Content starts

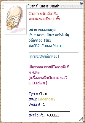 - [Osiris] Life is Death คุณสมบัติ - เมื่อตัวละครตุย มีโอกาส ฟื้นคืนชีพ 40% [ไม่แสดงผลใน Guildwar]
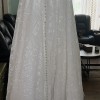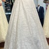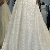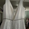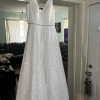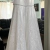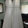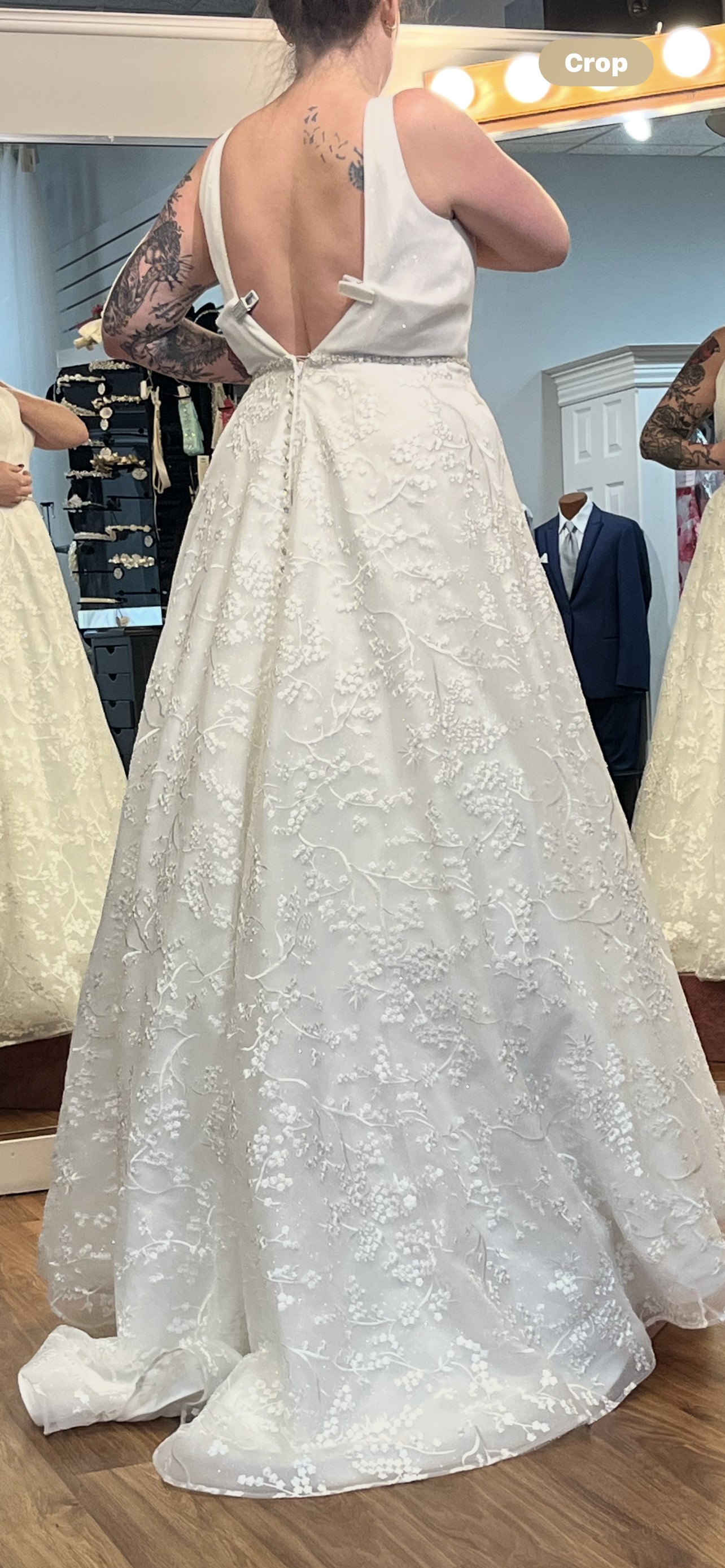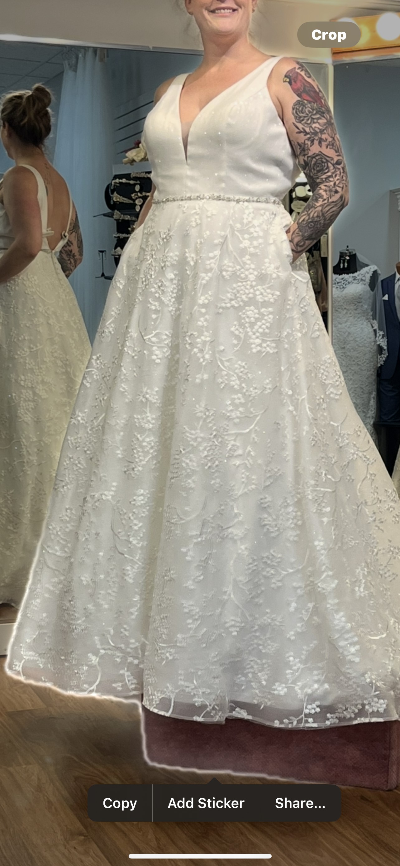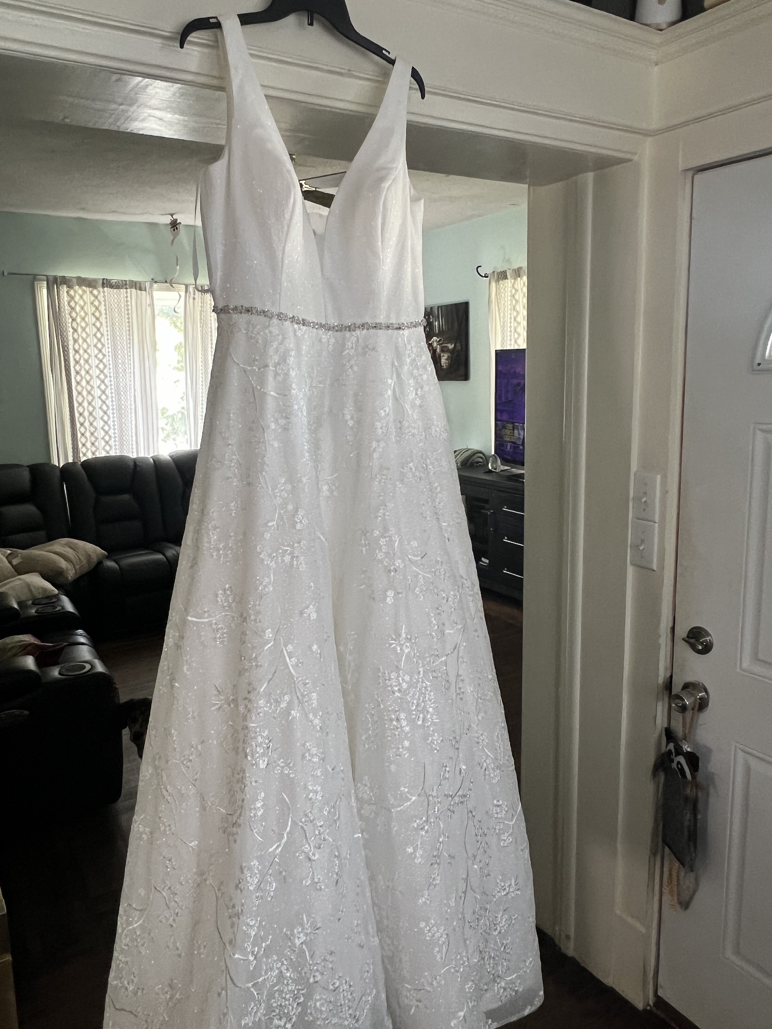 Wedding dress is an a line with V neckline and a sparkle full skirt with flower lace detail. Color is candlelight. It is a size 18. I also purchased a rose gold belt to go with it and the zipper gown bag. It is a very beautiful dress, very lightweight and it has pockets. It has not been altered, and it has never been worn except for being tried on.
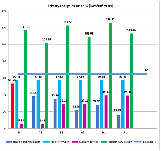 Scheme 5 shows the total demand for primary energy for the respective energy classes of the building when supplied with heat energy from the heat pump. The primary energy indicator ranges from 40.49 kWh/(m2·year) to 63.90 kWh/(m2·year). For the respective energy classes, when a heat pump and a PV installation are used as a heat source, the requirements of the maximum FE indicator according to the technical conditions are met [6]. The analysis shows that the lowest demand for primary energy occurs in the case of a building with natural ventilation and partitions with increased thermal insulation. The downside of natural ventilation is the lack of sufficient impact on the efficiency and purity of the ventilated air.
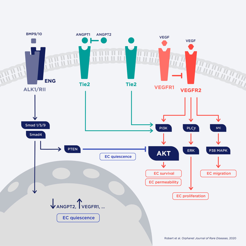 Additionally, this pathway also plays a central role in genetic disorders such as Hereditary Hemorrhagic Telangiectasia (HHT), a disease marked by abnormal blood vessel formation that leads to severe nosebleeds, chronic anemia, organ damage, and a significantly reduced lifespan. Currently, there are no approved therapies for patients with HHT.
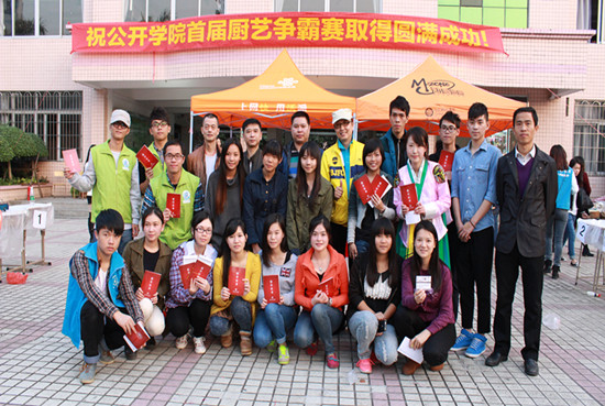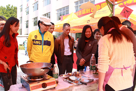 本网讯 12月5日下午,公开学院首届厨艺争霸赛在公开学院第一教学楼前的广场隆重开幕。院党委书记苏冬燕,学生工作办公室主任陈秋林出席了比赛。国家级点心大师、粤港澳十大杰出名厨、法国国际厨皇美食会金牌会员、广州白天鹅宾馆主厨丘卫国先生,耀华饮食集团黄埔天鹅堡、鹅仔饭店出品部主管陈凡东先生,广州逸林假日酒店中厨主厨招佳业先生,广州逸林假日酒店味部主管李德怡先生担任比赛评委。大赛由院团委学生会生活部主办,分教师组、团学官方组、学生个人组三个组别,共21支队伍参加比赛。
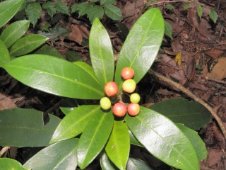 ミヤマシキミ、ヤマボウシ、アオハダ、アカガシ、ツクバネ、コアジサイ、テンナンショウの仲間、ヤクシソウ、ガンクビソウ、ヤブタバコ、アキチョウジ
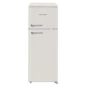 Tyylikäs punainen ja mustana retro jääkaappi/pakastin. Huomioi laitteen asennuksessa laitteen mitat ! Laitteen mitat korkeus190,1 cm / rungon leveys 59,5 cm. Kansilevyn leveys 60,5cm. Ovissa upeat kromatut kahvat, Oven kätisyys on aina oikea, kätisyyttä ei voi vaihtaa. Energialuokka F.

Content ends

Work task: Set the records down again exactly, and omit any picture in them.

Reply to the task:
 - [Osiris] Life is Death คุณสมบัติ - เมื่อตัวละครตุย มีโอกาส ฟื้นคืนชีพ 40% [ไม่แสดงผลใน Guildwar]
 Wedding dress is an a line with V neckline and a sparkle full skirt with flower lace detail. Color is candlelight. It is a size 18. I also purchased a rose gold belt to go with it and the zipper gown bag. It is a very beautiful dress, very lightweight and it has pockets. It has not been altered, and it has never been worn except for being tried on.
 Scheme 5 shows the total demand for primary energy for the respective energy classes of the building when supplied with heat energy from the heat pump. The primary energy indicator ranges from 40.49 kWh/(m2·year) to 63.90 kWh/(m2·year). For the respective energy classes, when a heat pump and a PV installation are used as a heat source, the requirements of the maximum FE indicator according to the technical conditions are met [6]. The analysis shows that the lowest demand for primary energy occurs in the case of a building with natural ventilation and partitions with increased thermal insulation. The downside of natural ventilation is the lack of sufficient impact on the efficiency and purity of the ventilated air.
 Additionally, this pathway also plays a central role in genetic disorders such as Hereditary Hemorrhagic Telangiectasia (HHT), a disease marked by abnormal blood vessel formation that leads to severe nosebleeds, chronic anemia, organ damage, and a significantly reduced lifespan. Currently, there are no approved therapies for patients with HHT.
 本网讯 12月5日下午,公开学院首届厨艺争霸赛在公开学院第一教学楼前的广场隆重开幕。院党委书记苏冬燕,学生工作办公室主任陈秋林出席了比赛。国家级点心大师、粤港澳十大杰出名厨、法国国际厨皇美食会金牌会员、广州白天鹅宾馆主厨丘卫国先生,耀华饮食集团黄埔天鹅堡、鹅仔饭店出品部主管陈凡东先生,广州逸林假日酒店中厨主厨招佳业先生,广州逸林假日酒店味部主管李德怡先生担任比赛评委。大赛由院团委学生会生活部主办,分教师组、团学官方组、学生个人组三个组别,共21支队伍参加比赛。
 ミヤマシキミ、ヤマボウシ、アオハダ、アカガシ、ツクバネ、コアジサイ、テンナンショウの仲間、ヤクシソウ、ガンクビソウ、ヤブタバコ、アキチョウジ
 Tyylikäs punainen ja mustana retro jääkaappi/pakastin. Huomioi laitteen asennuksessa laitteen mitat ! Laitteen mitat korkeus190,1 cm / rungon leveys 59,5 cm. Kansilevyn leveys 60,5cm. Ovissa upeat kromatut kahvat, Oven kätisyys on aina oikea, kätisyyttä ei voi vaihtaa. Energialuokka F.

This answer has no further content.